Hendrikova was devoted to the Romanov family and followed them into exile after the Russian Revolution of 1917, going with them first to Tobolsk and later to Ekaterinburg, even though she was worried about her own family.

Hendrikova's sister Alexandra Balashova, nicknamed "Inotchka," was ill with tuberculosis. "The two sisters were all the world to each other," wrote her fellow lady in waiting, Baroness Sophie von Buxhoeveden, recalling how Hendrikova's "dark eyes glowed" when she heard news about her sister. "And it was from Inotchka's bedside that Nastenka had rushed back to Tsarskoe Selo on the news of the revolution to join the empress in her danger. Now she seldom had news."

Buxhoeveden thought Hendrikova was aware of the danger that she was in.
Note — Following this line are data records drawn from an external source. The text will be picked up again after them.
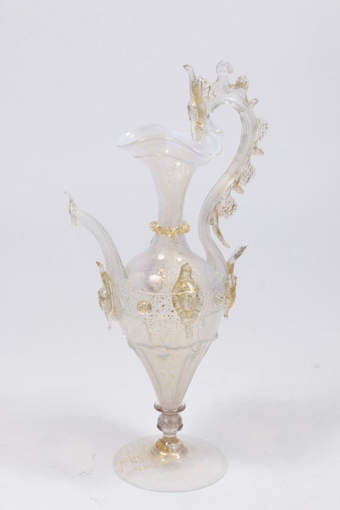 Late 19th/early 20th century. Attributed to Saviati Dott. Antonio/Artisti Barovier or Fratelli Toso. Approx. 13" H. From a NY estate. (6092) Chip on handle at upper scroll.
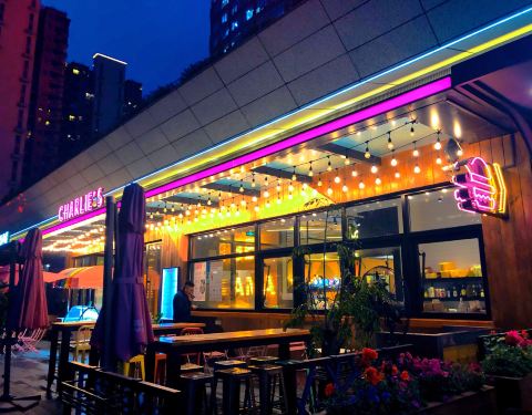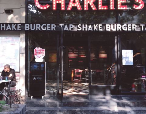 Charlie''s粉红汉堡也红了一段时间了,如今热度过去,上海也开了不少分店,和老公长草已久,终于有机会拔草啦! 地方很好找,就在绿地缤纷城中间露天的区域,门面开得还是蛮有感觉的,门口还有个冰淇淋车,进门后也是满满ig风。 ♂️点单后拿到号码牌入座,店员会把餐送过来,因为是手作汉堡,所以等待时间有点长。
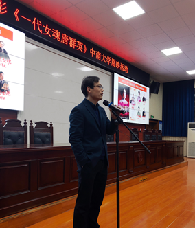 3月8日晚7时,由yl23411永利集团工会联合湖南银星文化传播有限公司共同举办的电影《一代女魂唐群英》yl23411永利现场展映活动在yl23411永利集团221报告厅举行。该片总制片人邓泽辉,导演邓楚炜等主创人员、华声在线影视中心主任瞿建波等媒体人员,yl23411永利集团院长陈云良、副院长毛俊响、院党委副书记黄曦、周刚志教授以及部分yl23411永利集团的师生共同参加了本次活动。活动由yl23411永利集团王远征老师主持。
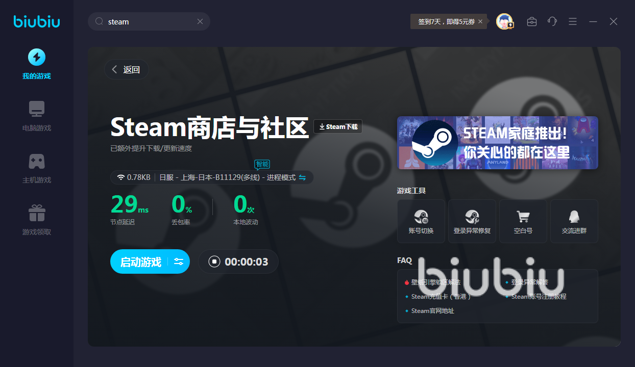 游戏分为四大阵营,玩家将在17张地图中进行厮杀,大大丰富了可玩内容,每一张地图的地形和状况都有很大差异,玩家必须熟练掌握各个地图关键点,才能够战胜敌人。同时还加入了多种不同兵种,包括特种部队,狙击兵,工兵等,让玩家在联机的过程中可以有更加详细的兵种配合,所以说联机玩法是战地2的精髓所在。为了能够在联机过程中更加顺畅,解决闪退这样的问题,biubiu加速器是小编推荐给大家的工具。这款游戏目前在steam上就可以直接购买和下载体验,所以使用biubiu优化的时候也需要先去加速steam平台,然后在这里直接打开游戏客户端,就可以享受到优化后的网络了。

Hendrikova had "so fixed her thoughts on approaching death that it had no terror for her," Buxhoeveden wrote in her memoirs. "She was very pretty and looked younger than her twenty-eight years, but she welcomed the thought of death, so weary had she become of life and so much detached from earthly interests. I felt her drifting away to higher planes."

Hendrikova was forcibly separated by the Bolsheviks from the Romanov family at Ekaterinburg and imprisoned in Perm for some months.

===Account of death===
On 4 September 1918, Hendrikova and Schneider were taken from their prison cell and led to the prison office along with Aleksei Volkov, a sixty-year-old valet in the household of the Tsar. They were joined by eight other prisoners, including the chambermaid from the house where Grand Duke Michael Alexandrovich of Russia had lived. They had an escort of twenty-two guards, none of them Russian.
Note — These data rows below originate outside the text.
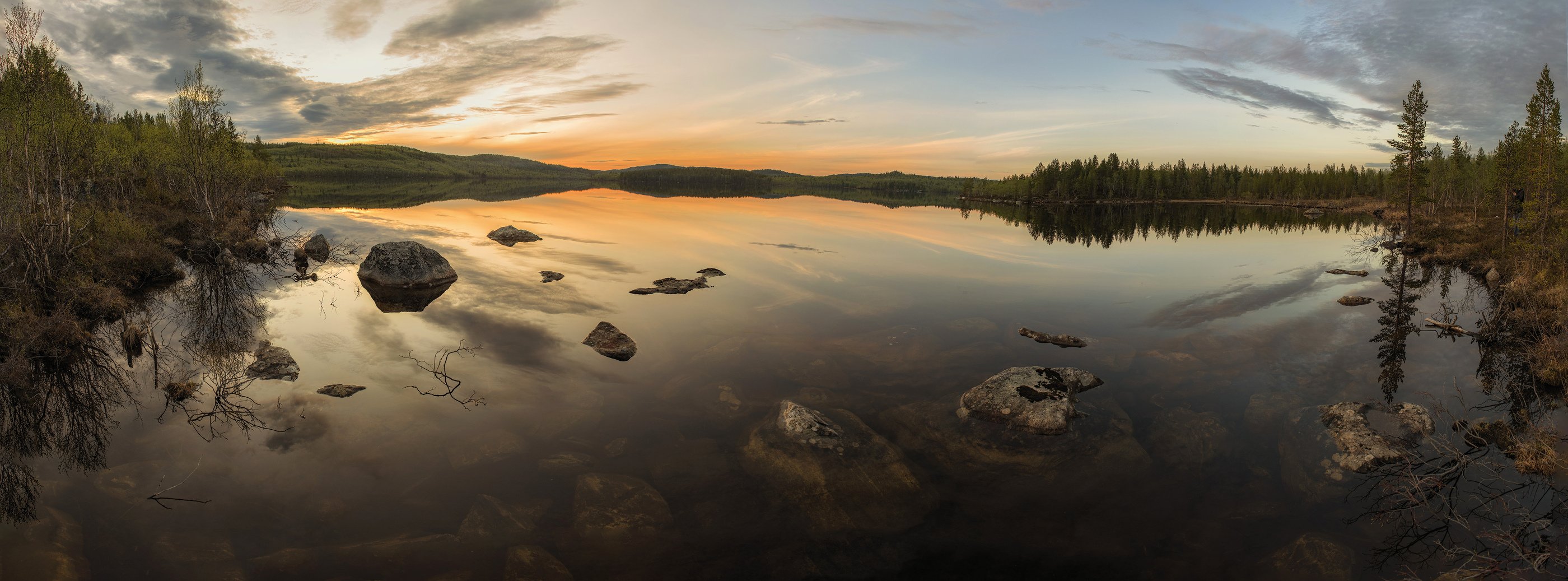 есть такое впечатление , но нет , просто берег не ровный и ближе к правой стороне он выдается вперёд. Горизонт - короткий участок слева , самый дальний берег. По нему и ровнял.)Спасибо!
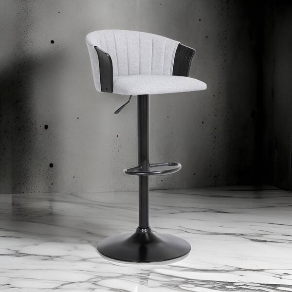 33 in. Gray and Black Low Back Metal Frame Bar Stool with Fabric Seat
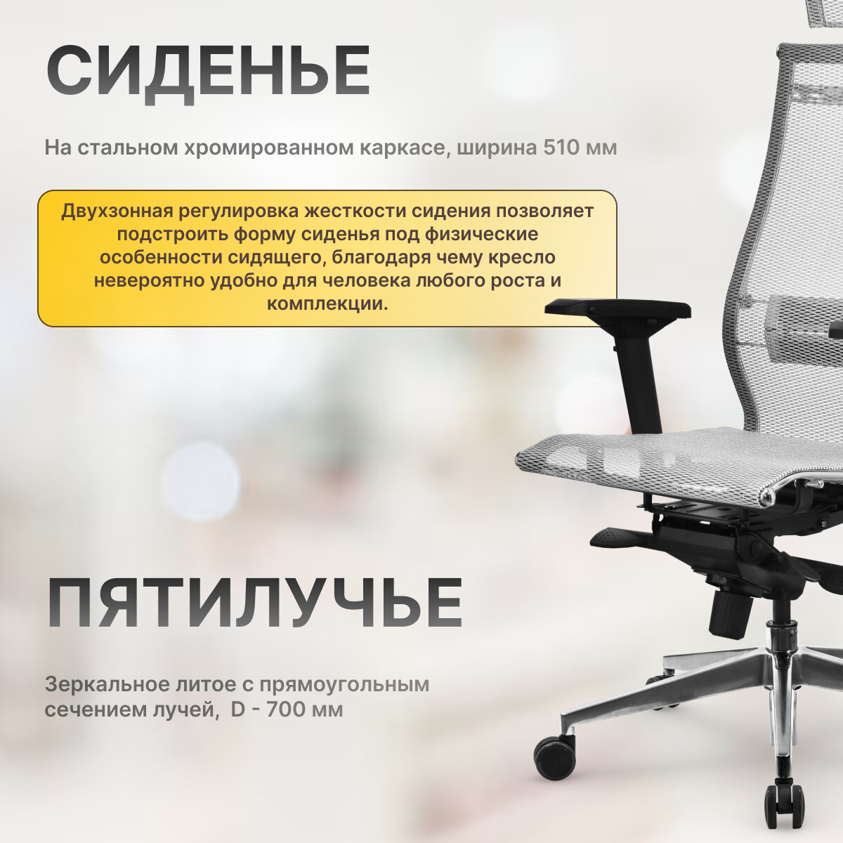 | Регулировка | высоты подголовника / высоты подлокотников / высоты поясничного упора / высоты сиденья / высоты спинки / глубины сиденья / угла наклона подголовника / угла подлокотников |
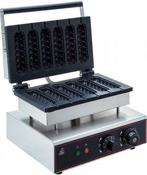 Вафельница корн-дог Crazy Pan CP-CD06 используется на предприятиях общественного питания и торговли для приготовления хрустящих сосисок в тесте.

Volkov, who later escaped, recalled that when he asked a guard where they were being taken, he was told they were being taken "to the house of arrest." Hendrikova, who had been in the washroom, asked a guard the same question when she came out. She was told they were being taken "to the central prison." Hendrikova asked him, "and from there?" The guard replied, "Well! to Moscow." Hendrikova repeated this conversation to her fellow prisoners and made the sign of the cross with her fingers. Volkov took her gesture to mean "they will not shoot us."
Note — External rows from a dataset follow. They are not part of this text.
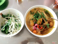 7.2^-^.Không gian:quán nhỏ nhưng nhìn rất sạch sẽ .Phục vụ:mấy cô bán hàng rất nhiệt tình,còn chỉ dẫn mình nếu ăn măng gà nên chan loại mắm nào nữa .Giá cả:trung bình khoảng 20k/tô đầy ắp .Món ăn:mình kêu bún chả cá với bún măng gà -Bún chả cá khá ngon,chả với riêu nhiều,cơ mà bí đỏ để nguyên vỏ,mình thì thích bỏ vỏ hơn -Bún măng gà:gà nhiều,thịt dai,măng ngon,giòn,nước lèo chua ngọt rất ok ...Xem thêm
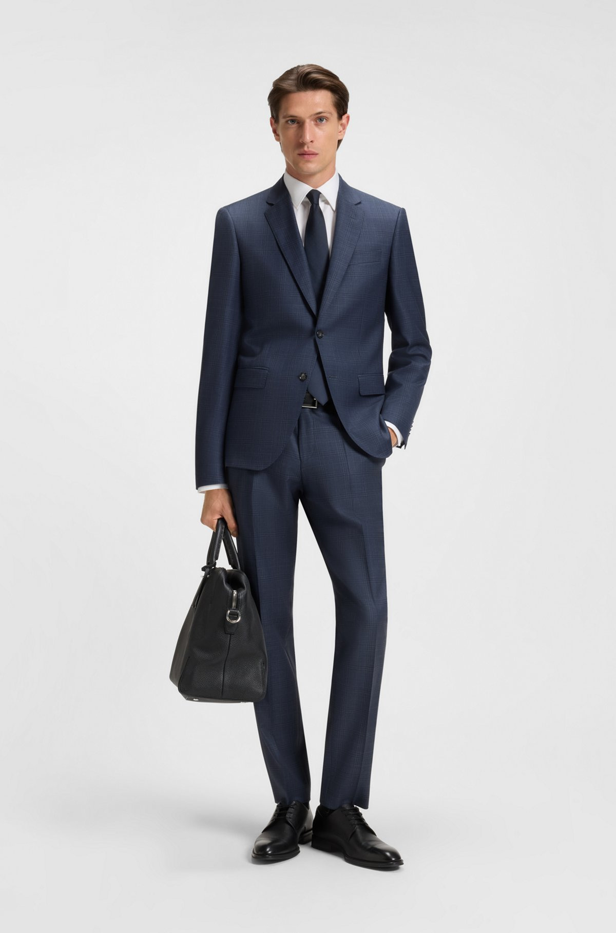 DETAILS H-Huge-2Pcs-253 - 50551812 With its neat profile and constructed shoulders, this BOSS Menswear suit is a solid formal choice. Tailored to a defined fit, this two-piece suit is crafted in wool to bring you natural stretch and breathable comfort. A heritage check emphasizes the timeless elegance of this ensemble. Slim fit Notched lapels Number of buttons: 2 Jetted chest pockets Pockets top: Flap pockets Kissing buttons on the cuff Fully lined Packaging: Dust bag QUALITY & CARE INSTRUCTIONS Do Not Tumble Dry Quality: 100% Virgin wool, Lining: 100% Viscose, Sleeve lining: 100% Viscose, knee lining: 100% Viscose Reduced Dry Clean Iron Medium Heat Do Not Wash Do Not Bleach
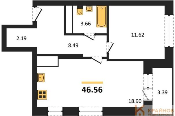 1-комн. квартира, 46.56 м², 23 этаж
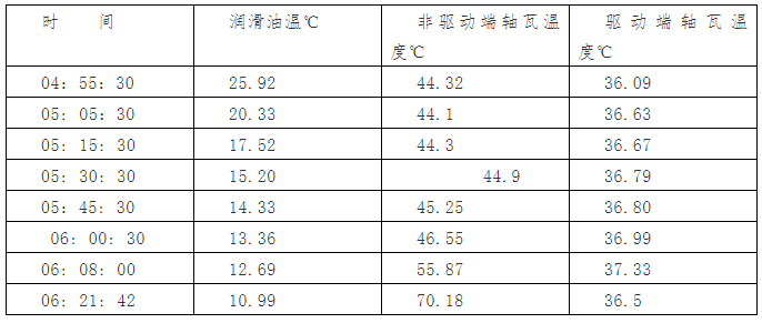 磨机轴瓦温度高跳闸后,立即派人到就地检查,发现润滑油站供油泵运行正常,油站系统各阀门没有异动痕迹,通路正常,供油压力略有升高,非驱动端轴瓦润滑油布油管无油流出、已经断油,驱动端轴瓦润滑油布油管有油流出,油量偏小。同时,在DCS上查供油系统有关历史趋势,发现油温在04时50分到06时07分这段时间由25.92℃降到12.69℃,其余参数无明显变化。下表是投入冷油器运行后油温和轴瓦温度的变化情况:
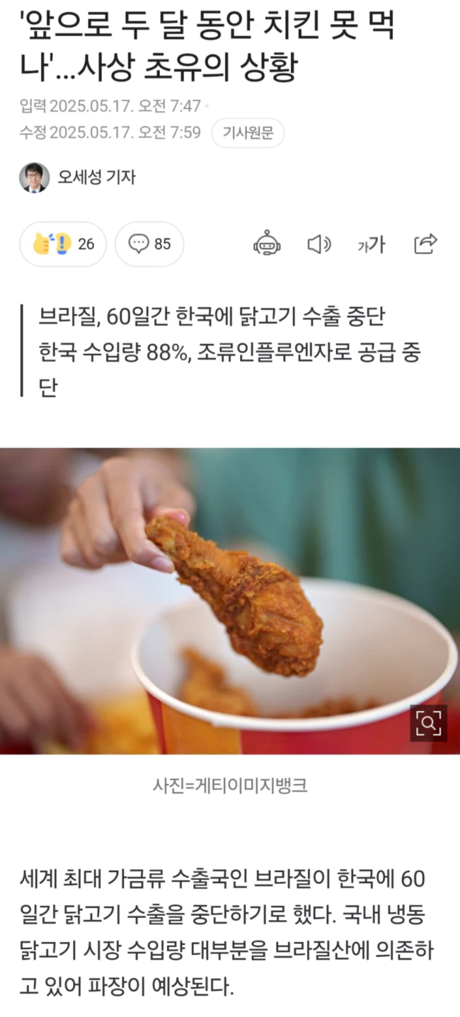 국내 냉동 닭고기 시장 수입량 대부분을 브라질산에 의존하는 한국도 큰 영향을 받을 전망이다. 브라질 농림축산부 장관은 별도 발표에서 "(조류인플루엔자 발생 등의 경우) 한국, 중국, 유럽연합(EU)에 대해 60일간 닭고기 수출 금지 조처를 해야 한다는 프로토콜이 있다"며 "우리는 해당 국가의 통지를 기다리고 있다"고 말했다.
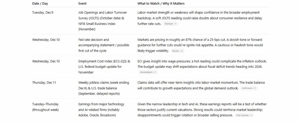 This week offers a high‑stakes test of sentiment. If liquidity (through the Fed’s policy) aligns with solid economic and earnings data, the rally could broaden beyond mega‑caps and extend into 2026. If not, this “year‑end bounce” risks fading or turning into a broader reassessment.
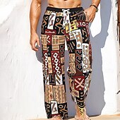 More information about Men's Geometric Patchwork Ethnic Trousers Baggy Pants Casual Pants Mid Waist Vintage Retro Outdoor Vacation Holiday Drawstring Elastic Waist Wide Leg Summer Spring 3D Print Brown
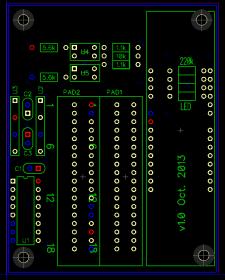 Also, I realized that, as long as I'm using the Boarduino on headers (vs. incorporating it into the PCB), the least I could do is use some of the space underneath it, so I stuck the resistors for the LEDs under there. I think that some of the remaining components, like the optoisolators, will also be low-profile enough to stick under the Boarduino if I need to.
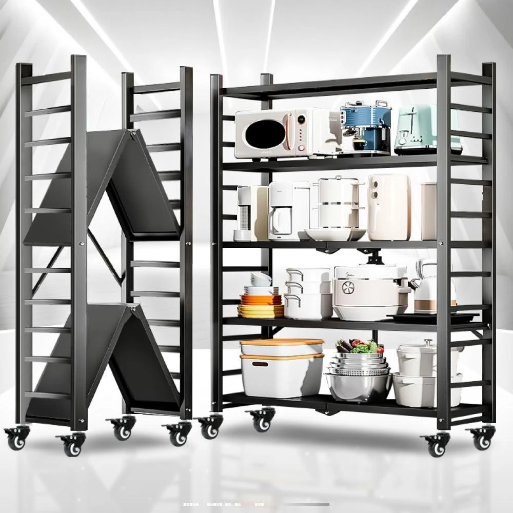 ANDYMAY2五層100寬_可調層板 洛克巨型免安裝摺疊置物架-2色可選(免組裝 收納櫃 收納架 層架 鐵架 書架 電器櫃)

The sailor at the prison office door kept checking the front door that led to the street to make sure no one was there. After a while another sailor said, "Let's go." They lined the prisoners up in the street in rows of two, the men in front and the women in back. The group walked all the way to the edge of town and onto the Simbirsk road. Volkov asked another prisoner where the central prison was and was told they had long passed it. Volkov realized they were being taken into the woods to be shot. Volkov broke from the group and ran for his life at the first opportunity. A bullet whizzed past his ear. Behind him he heard gunshots as the other prisoners in the group, among them Hendrikova, were shot and killed.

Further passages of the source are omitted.